When the Minister stands up, I hope that he can give the House and all those watching our proceedings an indication of when sector-specific support packages, including access to emergency funding, will be forthcoming for these industries and others that are crying out for help, including hospitality, aerospace, the motor industry and, as my hon. Friend the Member for Aberavon (Stephen Kinnock) pointed out powerfully, steel. If the Minister is unable to do that, will he at least provide some reassurance that the Government recognise the urgency with which such tailored packages are required by the industries in question and that Ministers accept the need to make changes to existing schemes, such as the furlough, so that their phasing out mirrors the pace at which industry is able to return to some semblance of normality?
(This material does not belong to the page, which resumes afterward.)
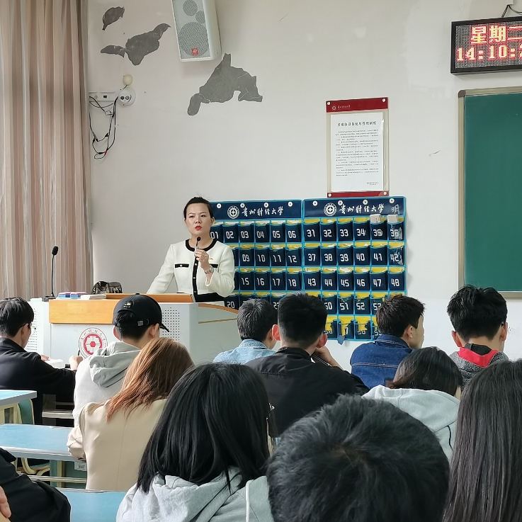 刘晓娟首先从党的基本知识为出发点,结合毛泽东、邓小平、江泽民、胡锦涛、习近平这几位伟大领导人的思想,讲到党在贵州省的结合史和发展史。她讲到,从遵义会议到十一届三中全会再到十九大,党一直在致力于贵州省的发展和壮大。由于自然的、历史的、地理的各方面的原因,贵州是我国西部一个欠发达的省份,也可以说是全国贫困问题最突出的省份。但在党的改革开放特别是实施新西部大开发战略以来,贵州省经济社会发展取得巨大成就,生态和民生也有很大的改善。接着,从公司的发展定位和新冠疫情形势,结合当前的就业情况,希望在座同学能不忘初心、砥砺前行,担起我们这代人的责任和使命,不断从历史中汲取精神滋养,坚定理想信念、勇于担当作为、练就过硬本领,牢记嘱托、感恩奋进。

That brings me to my final point—I will be brief in making it, Madam Deputy Speaker. As we look to ensure that our industries get the ongoing support that they need, we must plan strategically for the future. That means support, yes, to ensure that our industries do not fall behind their international competitors in the years ahead, but also support that is designed to achieve other important national objectives, not least responding to the environment and climate emergency. Our European neighbours are using this crisis as an opportunity to do just that, and the Government should look to match and even surpass their ambition by coming forward with support that will retain and create jobs, accelerate the transition to a low-carbon economy and address a range of regional and wider inequalities—a point made very powerfully by my right hon. Friend the Member for North Durham (Mr Jones) and my hon. Friend the Member for Bethnal Green and Bow (Rushanara Ali).
In conclusion, the Opposition recognise the scale of the challenge that the Government have had to confront, as well as the speed with which the current schemes had to be designed and implemented, but, as the OECD made clear, our country is on course to suffer the largest economic hit from the pandemic among major nations this year. In the face of such an emergency, we on this side of the House and the three quarters of a million people who signed these petitions are not demanding the impossible. We are simply asking the Government to act decisively and spend smartly to protect industries that contribute so much to our economy and our society, and on whom so many people rely.